Claremont Insider: Southardism, Rosemead Style

Saturday, September 1, 2007

Southardism, Rosemead Style

Oliver Chi, Claremont's former Assistant to the City Manager, has been picked to be Rosemead's new city manager, as an article in the San Gabriel Valley Tribune reported this past week.

Chi, who is 27, was approved to fill Rosemead's vacant top city staff spot on a 3-2 vote by the Rosemead City Council.

While in Claremont, Chi, whose obsequious personality resembled the Eddie Haskell character on the old "Leave It to Beaver" show, attached himself to former Claremont City Manager Glenn Southard and cozied up to the Claremont 400, leaving a number of lingering problems in his wake when he left.

The largest of these problems with the appraisal for Johnson's Pasture which set the price of that open space land at $12 million, overvaluing the land by about $500,000, according to the state of California. This imperiled the city's chances of qualifying for a $1 million grant from the state because the granting agency wouldn't allow the grant for the city's appraised value.

Chi was the staff member we see as most responsible for the faulty appraisal, and he was the staff member who steered the city, at the behest of the Claremont 400, towards the failed first attempt at buying the land through the 2006 Parks and Pastures Assessment District, which failed 44% to 56% when voted on by Claremont property owners.

Chi worked on the Parks and Pastures campaign, which was filled with such Claremont 400 luminaries as Diann Ring, Judy Wright, Al Leiga, and a host others. In the debate over whether Claremont should go with an assessment district or a bond to fun the purchase of Johnson's Pasture, many people warned that an assessment would never get the 51% it needed to pass and that a bond, even though it needed 67 percent win, had a better chance because of the lower total cost. One suspects that to Chi it mechanism didn't matter and that the only important thing was that the 400 was pushing the assessment.

Events proved the 400 and Chi wrong and the people who favored the bond right - a few months after the assessment lost, Claremont voters passed the Measure S bond with over 71% of the vote.

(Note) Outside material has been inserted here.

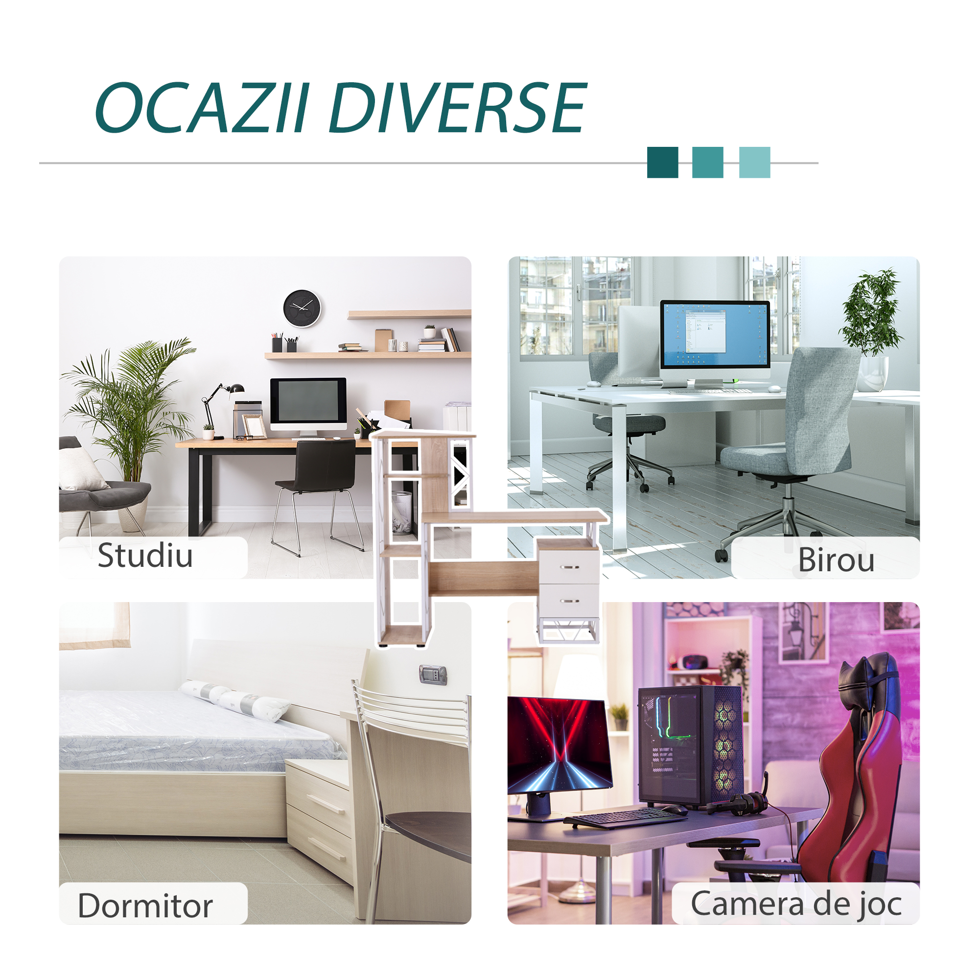 Creati un spatiu de lucru practic si coordonat! Datorita designului simplu si modern se adapteaza oricarui decor de casa. Biroul mare ofera spatiu pentru computere, monitoare si multe altele. Ideal pentru casa si birou!

Chi's biggest fault as a city staffer was his constant need to size up the political landscape and then joining in with the people he felt most powerful, in this case, the 400. In doing so, he failed to recognize the sentiments of the greater community, so it's no wonder he was so remarkably out of step with and disconnected from the needs and wishes of the majority of town.

Some might attribute Chi's miscalculations to his age and immaturity, but we think his behavior in Claremont betrayed a fundamental character flaw: a willingness to place his ambitions over the good of the community. Chi struck us as the prototypical Southard senior staffer, intelligent on the one hand, but weak and manipulative on the other.

If there is any doubt that Chi isn't plugged into the Southardian network, check out the California City Management Foundation website. That's the organization that Southard helped get started. Chi is now listed as a member of the foundation's Board of Trustees along with Southard and a number of municipal counsultants, including Bill Mathis, the city manager headhunter who helped Southard land that $300,000 a year job in Indio.

We suspect Chi's flaws have caused him problems in the past, and we guess that at some point in the future, they will catch up with him again. Claremont's gain is Rosemead's loss.